Democratic continuity, in this sense, functions as a preventive mechanism rather than a ceremonial process.

Another difficult but necessary dimension of Tarique Rahman’s position is his focus on the daily lives of ordinary citizens.

Constitutional debates and legal reforms matter, but they often fail to address immediate survival concerns.

His argument pushes political actors to prioritize healthcare, personal security, employment, and basic dignity.

This shift challenges a political culture accustomed to symbolic battles and ideological posturing.

It forces parties to measure success not by slogans or control, but by tangible improvements in people’s lives.

Accountability, in this model, is tested daily through service delivery rather than deferred to election cycles alone.

A generation of young people in the last two decades was politically marginalized. Trust in institutions eroded. Essential systems, including environmental governance, approached collapse.

These outcomes were not accidental. They were the result of a prolonged rupture in democratic continuity.

Restoring that continuity, therefore, is not a legal formality or a concession to tradition. It is a survival strategy.

Transparency, multilevel accountability, and citizen-centered governance are not optional ideals; they are the structural materials required to rebuild the democratic bridge that has been allowed to decay.

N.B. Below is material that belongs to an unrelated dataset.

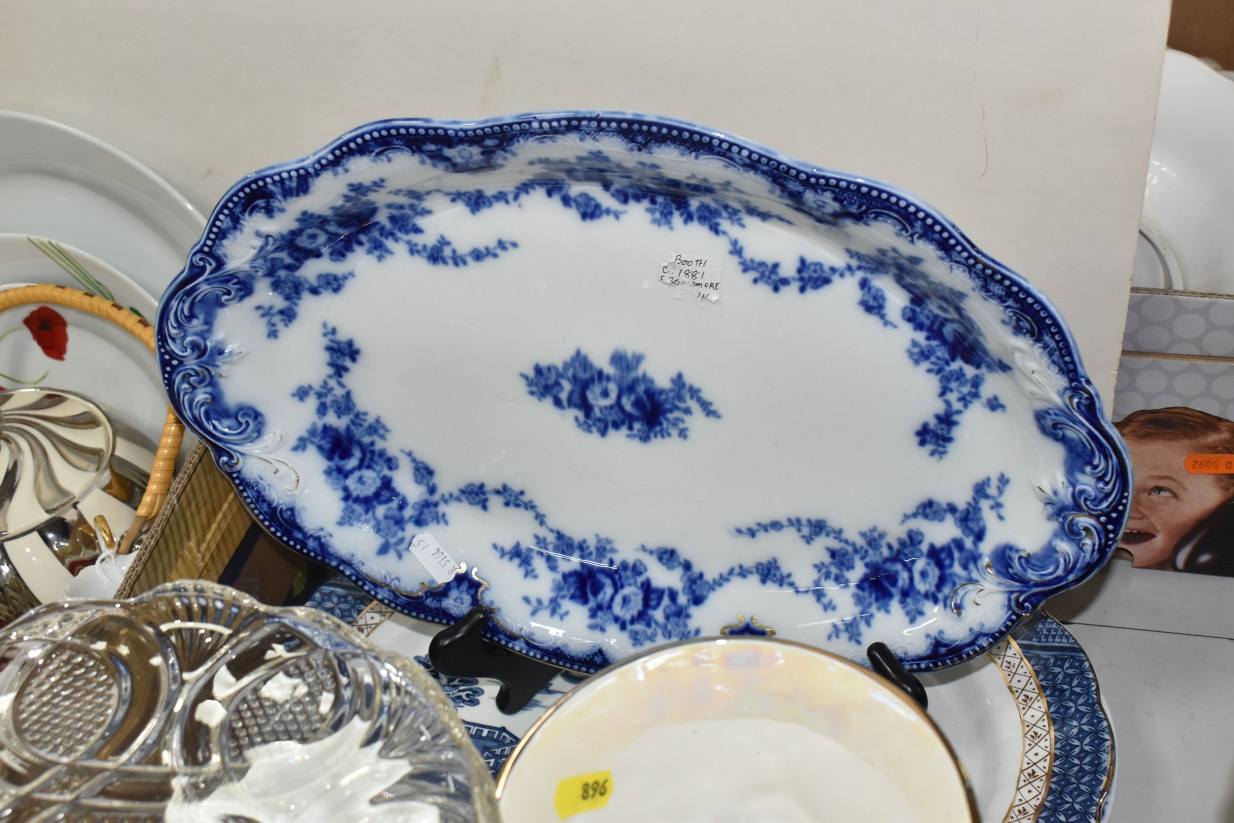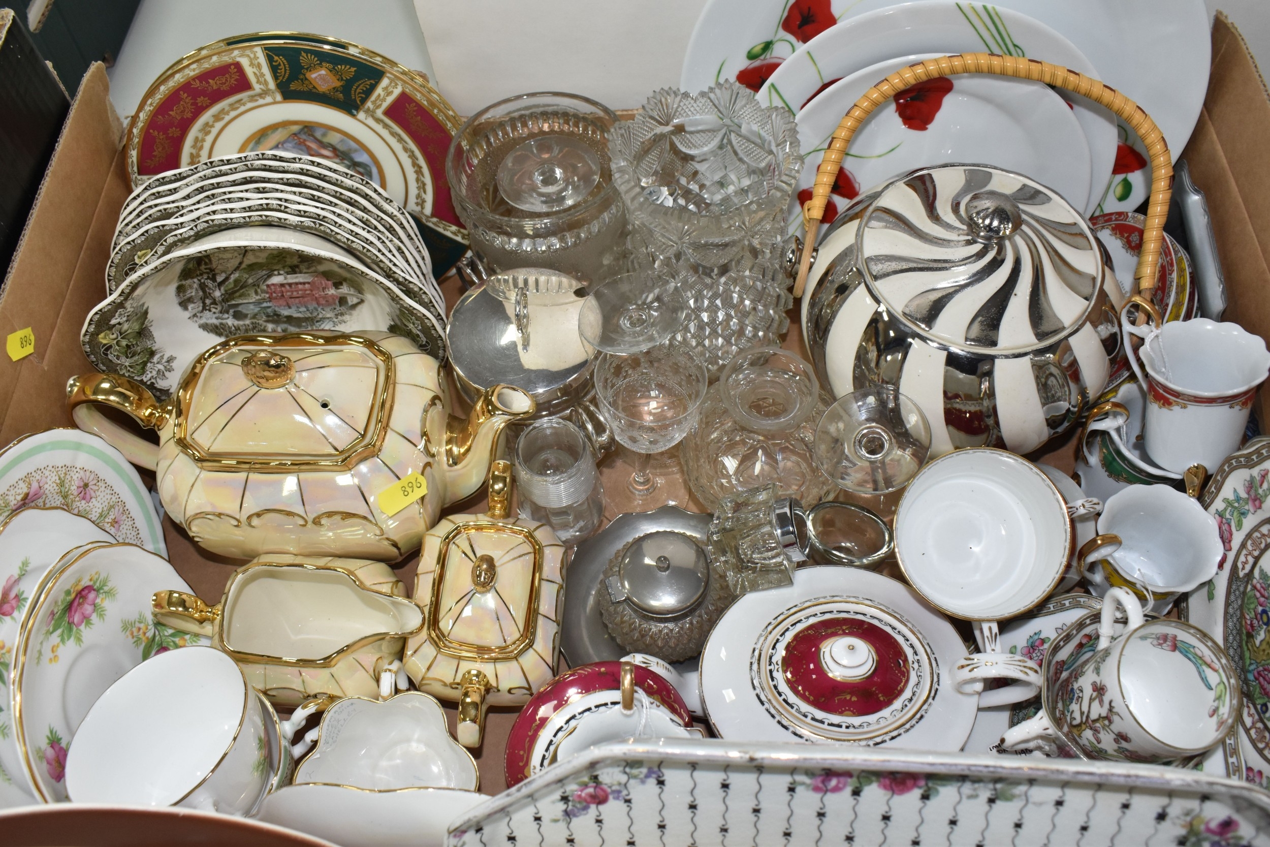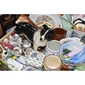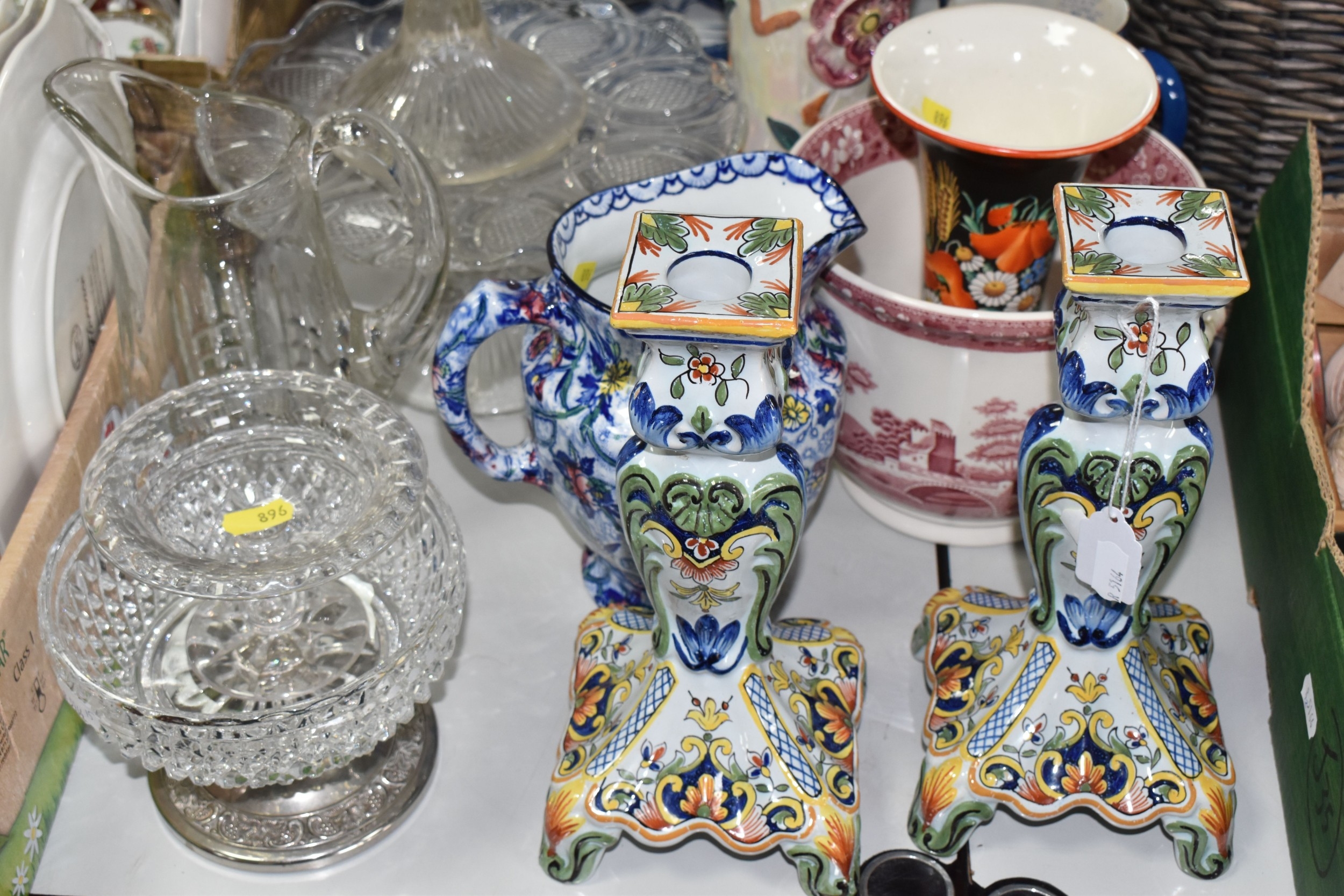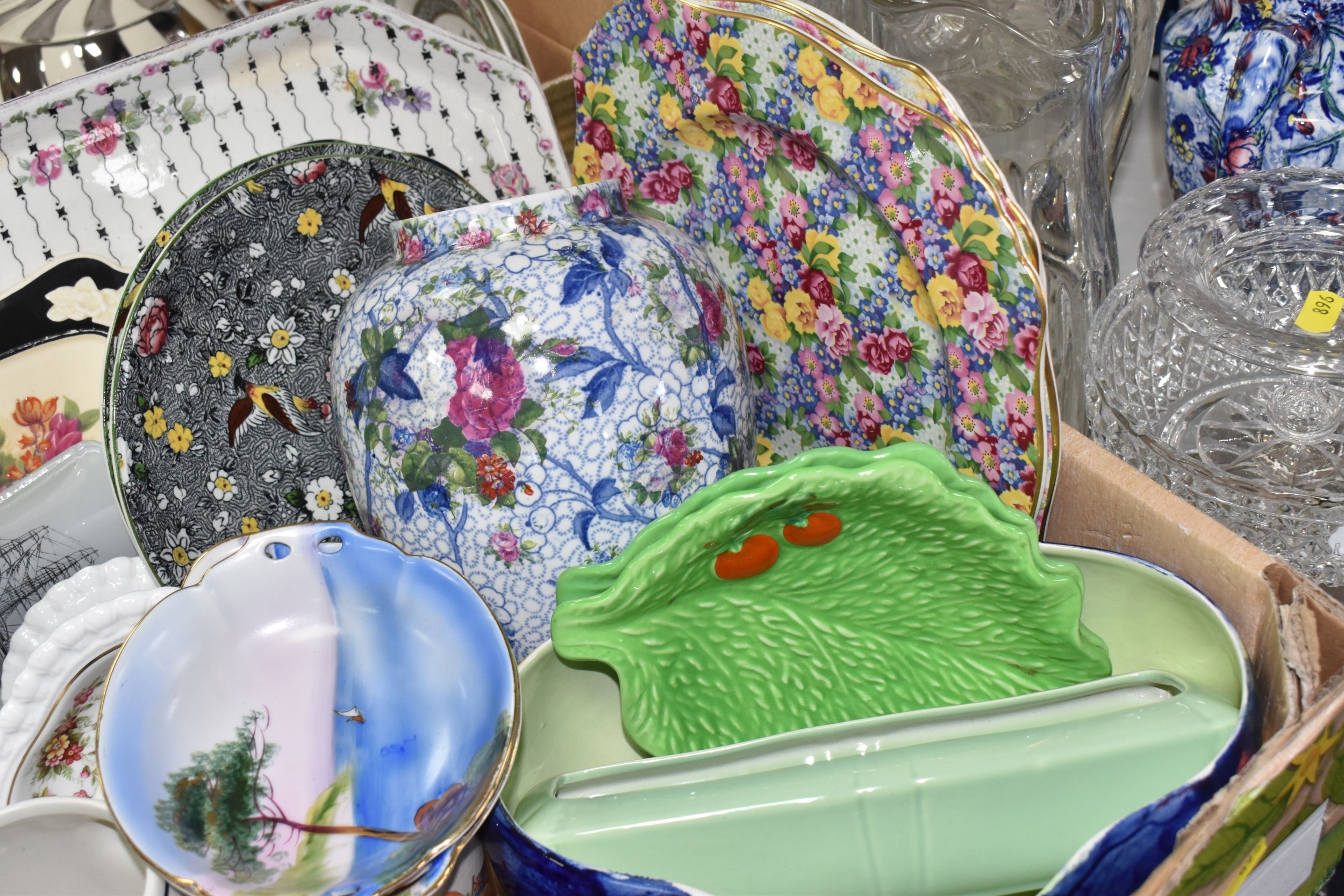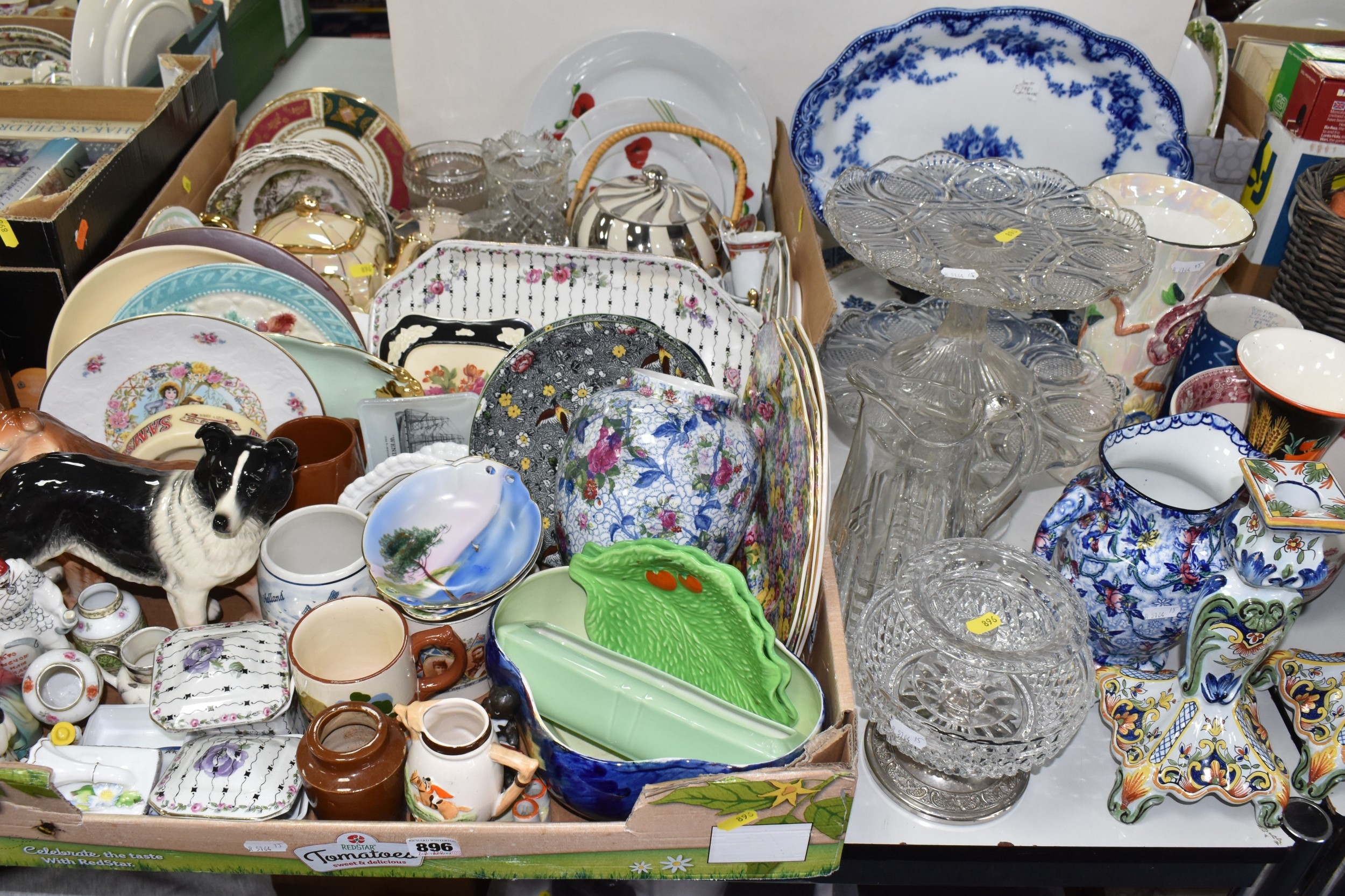 TWO BOXES AND LOOSE CERAMICS AND GLASS, to include large meat platters, tea and dinnerware, cake stands, vases, planters, candle sticks, etc. names include Coalport, Booths, Beswick Ware, Crown Devon, Arthur Wood, Maling, Royal Winton, Johnson Bros, etc. (2 boxes + loose), (sd/af)

The warning embedded in recent history is stark. When the planks of democracy rot, the entire nation risks falling into a vacuum where power operates without consent and institutions exist without legitimacy. The cost of such a vacuum is borne not by elites, but by citizens.

One way to visualize this necessity is to think of democracy as a high-precision engine. For the vehicle of the state to move forward safely, every component must function under scrutiny.

From the local valves of union councils to the national pistons of the cabinet, each part requires regular testing.

If even one component is allowed to bypass accountability, the entire system risks seizing, leaving the nation stranded.

What Tarique Rahman is arguing is difficult precisely because it leaves little room for shortcuts or cosmetic reform.

Yet that difficulty is also its strength. In a post-5 August Bangladesh, restoring democratic continuity is no longer a matter of political debate.

It is the only viable path toward stability, sovereignty, and a future anchored in the will and welfare of the people.